I’m also curious, doesn’t this affect performance over such a long time?

| username: 健康的腰间盘 | Original post link

It’s hopeless. Light a few incense sticks and sincerely worship. Maybe the machine spirit will be pleased and it will come back to life.

| username: TiDBer_rvITcue9 | Original post link

The almighty reboot method

| username: Qiuchi | Original post link

That’s awesome, man. So what made you think of it? Is it because it’s getting slower and slower?
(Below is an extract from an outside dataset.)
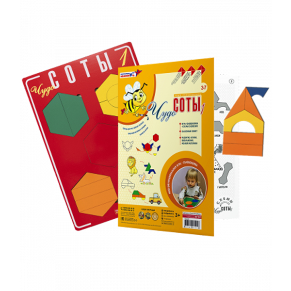 - 5 фигур-вкладышей в форме сот (фанера, пленка красного, желтого, синего, зеленого, оранжевого цветов): 1 целая и 4 составные (из двух, четырех и пяти частей);

| username: 这里介绍不了我 | Original post link

:sweat_smile: Fortunately, GC is working normally.

| username: ziptoam | Original post link

This poses quite a challenge to the automatic recycling mechanism.

| username: zhaokede | Original post link

There are still quite a lot of resources, and GC is only restarted every six months.

| username: zhaokede | Original post link

It is estimated that a single garbage collection will take a long time, especially when the database has a large amount of data and significant data changes.

| username: 扬仔_tidb | Original post link

From another perspective, TiDB is strong; it took half a year to even notice any slowness.

| username: Kongdom | Original post link

:muscle: I have to say TiDB is indeed stable. We had a TiKV node that was restarted and we forgot to turn off the firewall. As a result, even though the port was inaccessible, it ran normally for several months. We only discovered the issue because the GC backlog became too large.